- TASK PROMPT
The answer must be an exact copy of the lines from the one containing "A Sonic Acts" through the end of the records, with the pictures left out.

Dataset items:
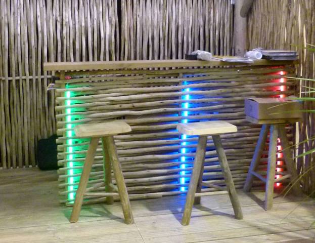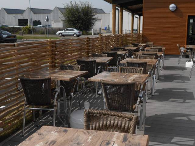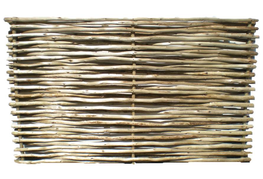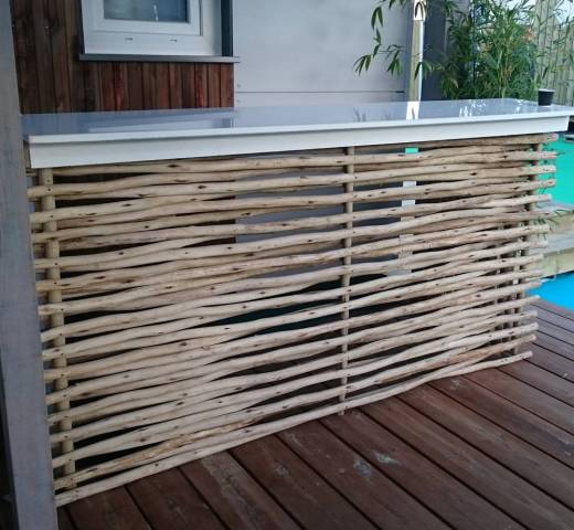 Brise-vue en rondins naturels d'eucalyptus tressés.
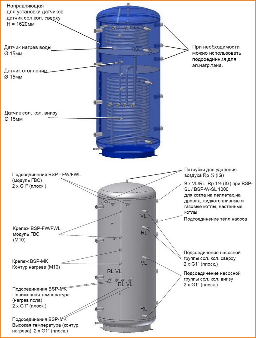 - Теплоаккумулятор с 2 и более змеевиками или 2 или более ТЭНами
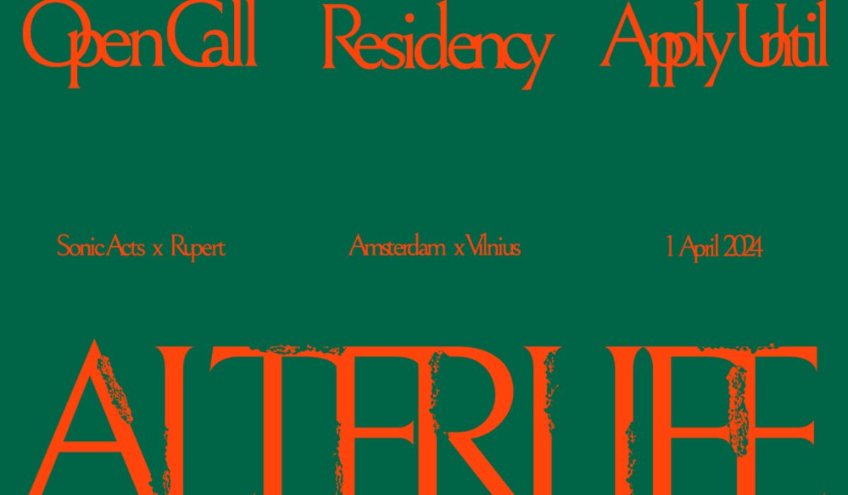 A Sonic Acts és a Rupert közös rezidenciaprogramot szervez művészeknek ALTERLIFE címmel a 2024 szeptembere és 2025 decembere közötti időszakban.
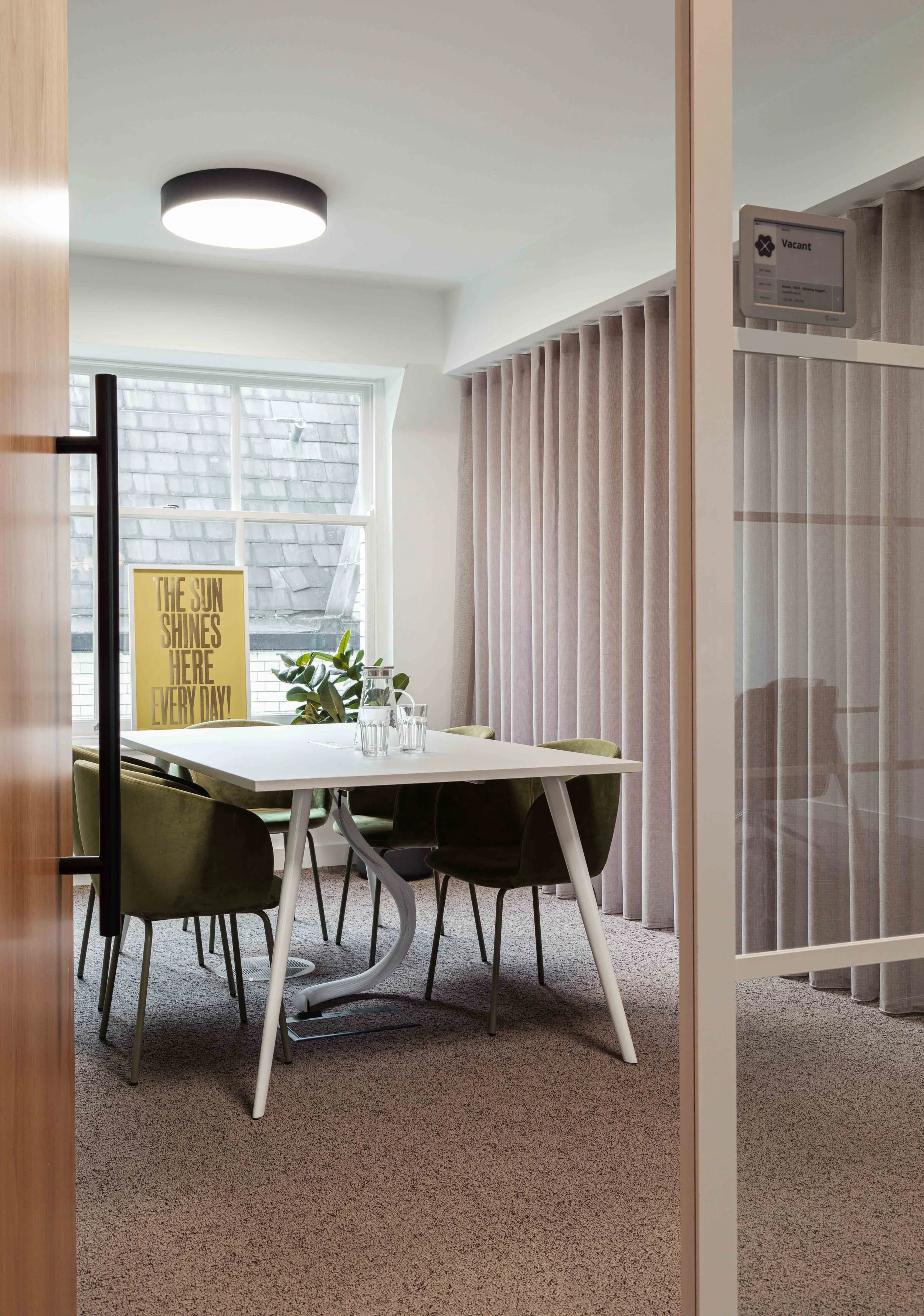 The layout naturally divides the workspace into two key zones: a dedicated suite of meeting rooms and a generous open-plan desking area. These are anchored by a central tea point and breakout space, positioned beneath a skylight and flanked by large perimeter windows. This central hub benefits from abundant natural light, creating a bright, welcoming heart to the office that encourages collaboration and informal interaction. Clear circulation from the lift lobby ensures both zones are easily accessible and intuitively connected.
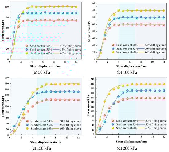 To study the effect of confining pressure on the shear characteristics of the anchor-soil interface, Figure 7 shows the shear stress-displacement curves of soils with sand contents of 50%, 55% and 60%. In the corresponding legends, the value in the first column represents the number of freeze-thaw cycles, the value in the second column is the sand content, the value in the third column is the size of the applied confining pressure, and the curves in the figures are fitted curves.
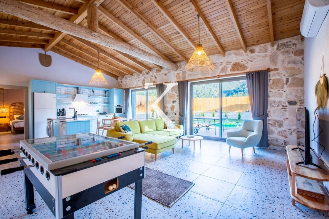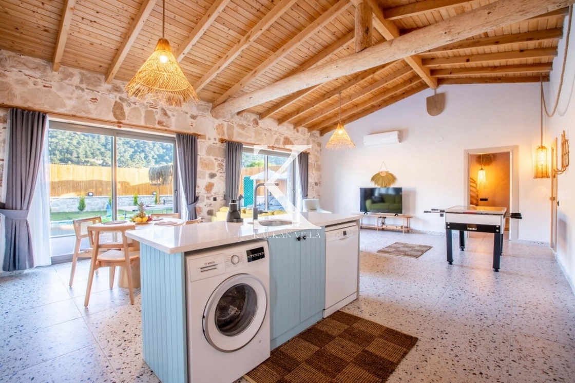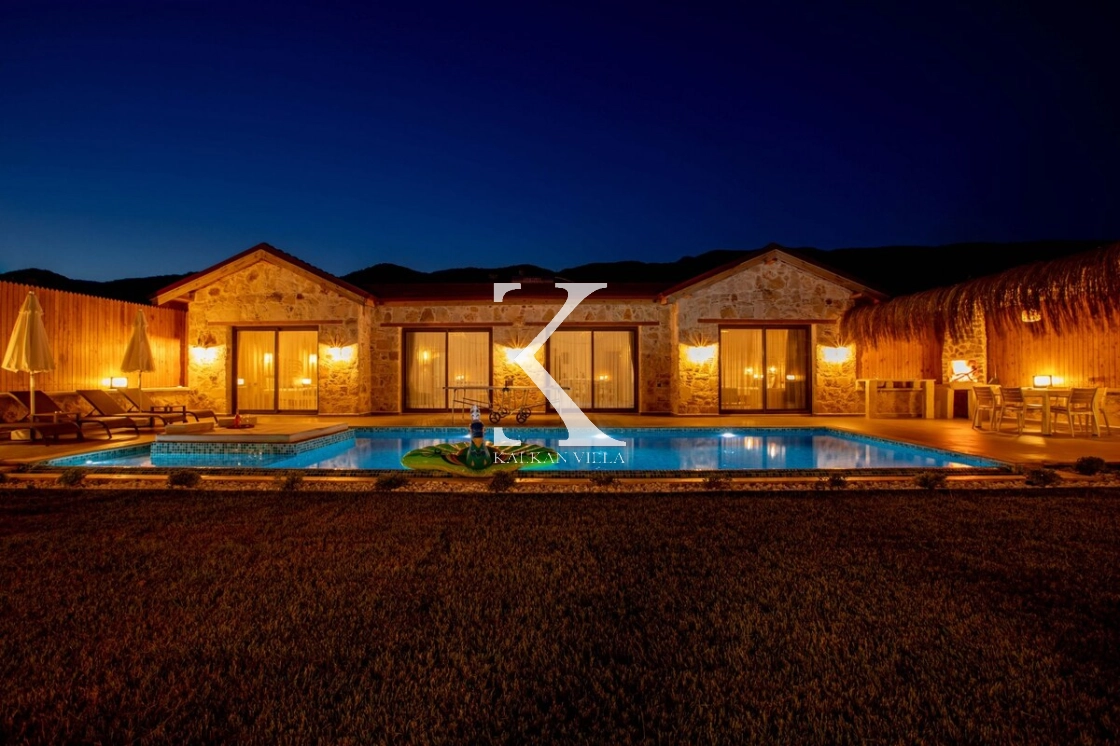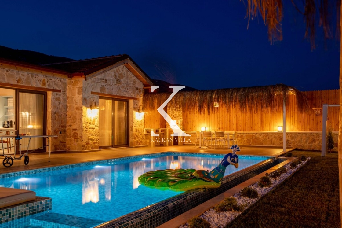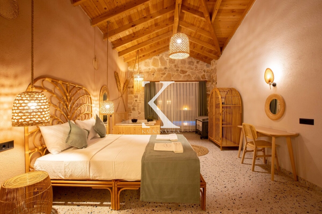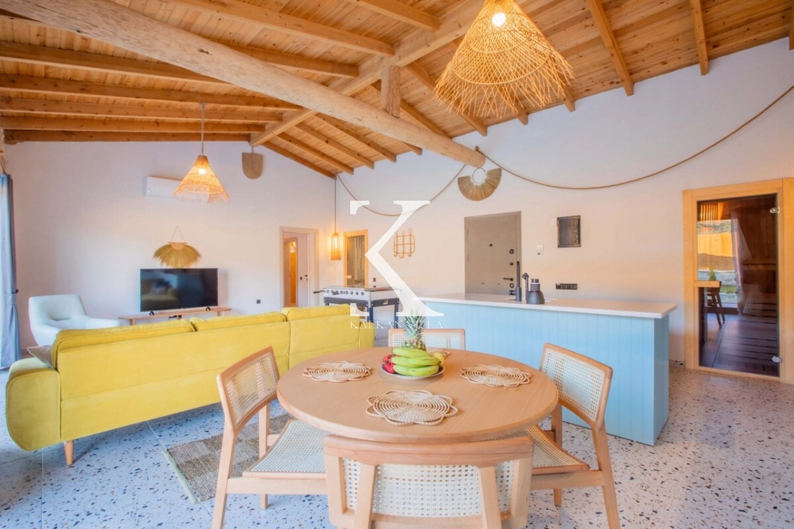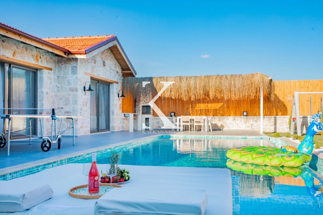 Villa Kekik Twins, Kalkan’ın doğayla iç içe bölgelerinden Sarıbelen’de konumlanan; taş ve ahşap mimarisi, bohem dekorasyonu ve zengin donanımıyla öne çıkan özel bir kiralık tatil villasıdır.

- SOLUTION FOR THIS PROBLEM
 A Sonic Acts és a Rupert közös rezidenciaprogramot szervez művészeknek ALTERLIFE címmel a 2024 szeptembere és 2025 decembere közötti időszakban.
 The layout naturally divides the workspace into two key zones: a dedicated suite of meeting rooms and a generous open-plan desking area. These are anchored by a central tea point and breakout space, positioned beneath a skylight and flanked by large perimeter windows. This central hub benefits from abundant natural light, creating a bright, welcoming heart to the office that encourages collaboration and informal interaction. Clear circulation from the lift lobby ensures both zones are easily accessible and intuitively connected.
 To study the effect of confining pressure on the shear characteristics of the anchor-soil interface, Figure 7 shows the shear stress-displacement curves of soils with sand contents of 50%, 55% and 60%. In the corresponding legends, the value in the first column represents the number of freeze-thaw cycles, the value in the second column is the sand content, the value in the third column is the size of the applied confining pressure, and the curves in the figures are fitted curves.
 Villa Kekik Twins, Kalkan’ın doğayla iç içe bölgelerinden Sarıbelen’de konumlanan; taş ve ahşap mimarisi, bohem dekorasyonu ve zengin donanımıyla öne çıkan özel bir kiralık tatil villasıdır.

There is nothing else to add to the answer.